6. No dia seguinte só restava o volátil número seis, tímido e com as suas muitas sombras, então saímos para tomar um táxi que virou um comboio, a paisagem lá fora era estranha, não tinha bem certeza onde era, saltamos na estação à beira de uma ponte e começamos a andar entre uma multidão de pessoas apressadas, cruzando por cima de um rio caudaloso e de um verde profundo, logo que saímos da estação, eu havia notado o clima mais quente e o dia claro, ventava bastante, a ponte era alta e levava os passantes até uma cidade ao pé de uma colina, no meio da travessia paramos para apreciar a paisagem e me dei conta de onde estávamos, era Lisboa, mas uma Lisboa diferente, menor, de bonecas, então olhei para o meu volátil, mas ele continuava calado, o vento tinha assanhado suas penas escuras, estendi a mão em sua direção, tinha medo de que ele me desse as costas ou levantasse voo, tudo me soava frágil, eu queria apenas afastar as sombras que o vento espalhou e estavam lhe cobrindo o rosto por baixo do chapéu, pensava que sua memória de outros brutos, que precisam alcançar, por conta própria, a bruma do corpo, faria com que meu sexto volátil tivesse alguma desconfiança de mim, mas não, cheguei com a ponta dos dedos até o seu rosto e lhe clareei os olhinhos por trás das penas, lembro que na hora elas me pareceram grossas, cheias daquela trama delicada, como se fossem cabelos, e com isto deixei de notar o calor, o vento, as pessoas, olhei em volta e decidi lhe contar uma coisa nova, diferente, sobre mim, que não havia mencionado antes, achava que seria uma surpresa, mas o volátil me disse que não, que ele já me conhecia muito bem, depois sorriu, e só então iniciamos a nossa longa conversa.

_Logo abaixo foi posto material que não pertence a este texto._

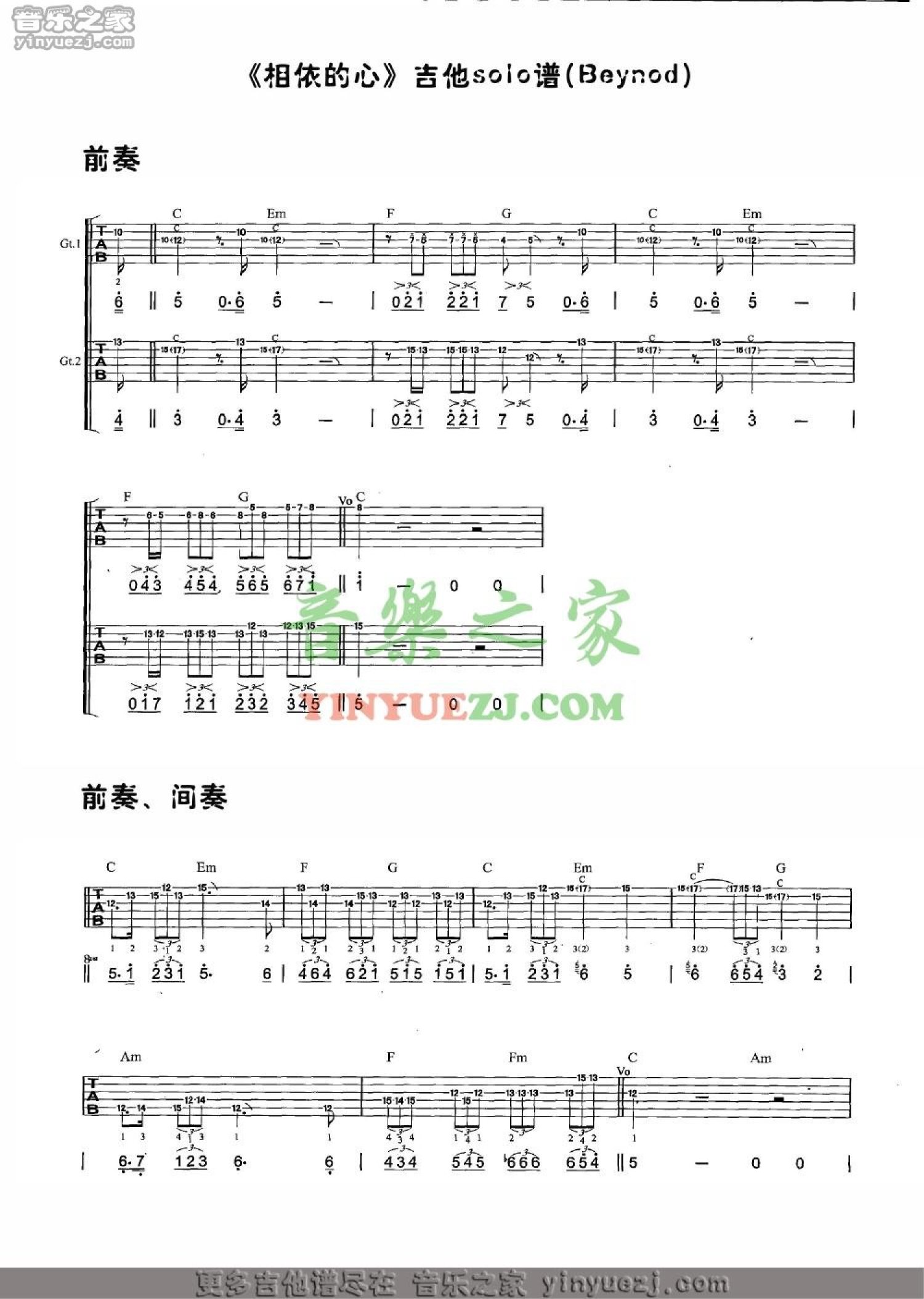 曲谱介绍: Beyond《相依的心》solo吉他谱
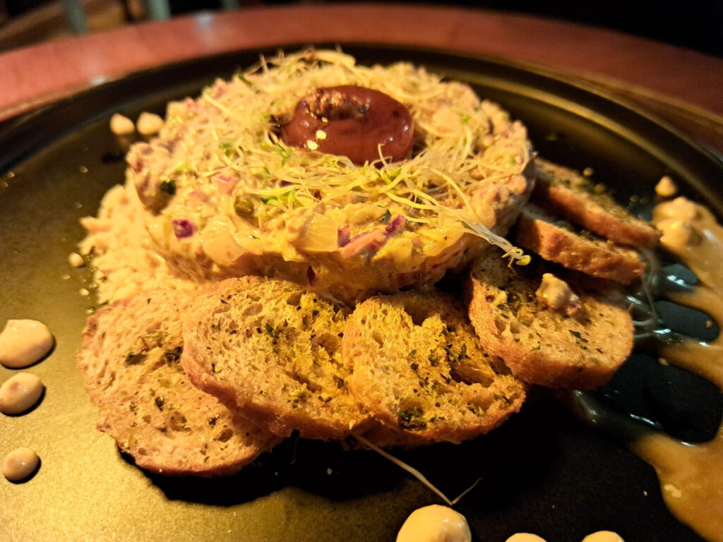La propuesta gastronómica es acotada y coherente con la barra: platos pensados para acompañar, compartir y no robar protagonismo al cóctel.
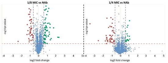 A total of 19,424 peptides and 2910 proteins were detected, corresponding to 54.9% of the proteins encoded by strain CCUG 70747. The sample preparation and digestion strategy allowed the analysis of the whole cell proteome. However, membrane proteins may be underrepresented due to their hydrophobic nature. The difference in protein abundance (higher or lower) was calculated by comparing each protein’s abundance under each condition to its abundance without antibiotic (NAb) exposure to calculate the fold change (FC). A significant difference in abundance was considered if the FC was equal to or higher than 1.5 for higher abundance, and equal to or lower than −1.5 for lower abundance. Only results with a p-value ≤ 0.05 (Welch’s t-test) were considered (File S1). According to this, the maximum number of proteins detected with significant differential abundance were 87 (1/4 MIC vs. NAb) and 61 (1/8 MIC vs. NAb) and overall, more proteins were overexpressed for both concentrations of antibiotics when compared with NAb (Table 1). When 1/4 MIC is compared with 1/8 MIC, only six proteins had significantly higher abundance (File S1).

7. Neste instante, em que aguardo a sétima e derradeira criatura, que talvez nem seja fêmea, digo que não basta estar vivo, pois pode-se estar vivo e ser inocente, e um olhar inocente nada vê, ora, e entre o que mais quis ver está um país de barcas, autos e cantigas, agora fechemos os olhos, José e meus voláteis, quem quiser ver de Antonio uma excelência, onde sua fineza mais se apura, perpétuas saudades me tenham, que tudo muda uma áspera mudança, e afinal falem de mim como sou e nada menos, nem soado em qualquer malícia, digam de alguém que amou com palavras, porém nunca demais, alguém sem zelo fácil, mas se alarmado perplexo ao extremo, alguém cujas mãos, como as do navegante, buscaram fora uma terra mais rica que a de seus pais, alguém que de olhos saudosos, embora estranhos ao humor dissolvente, vigiou os homens e as suas histórias tanto quanto as figueiras que entornam uma pele de goma alva e mendicante.

 

A nosso convite, José Luiz Passos escreveu esse necrológio ficcional para lembrar o italiano Antonio Tabucchi, o mais internacional dos escritores europeus.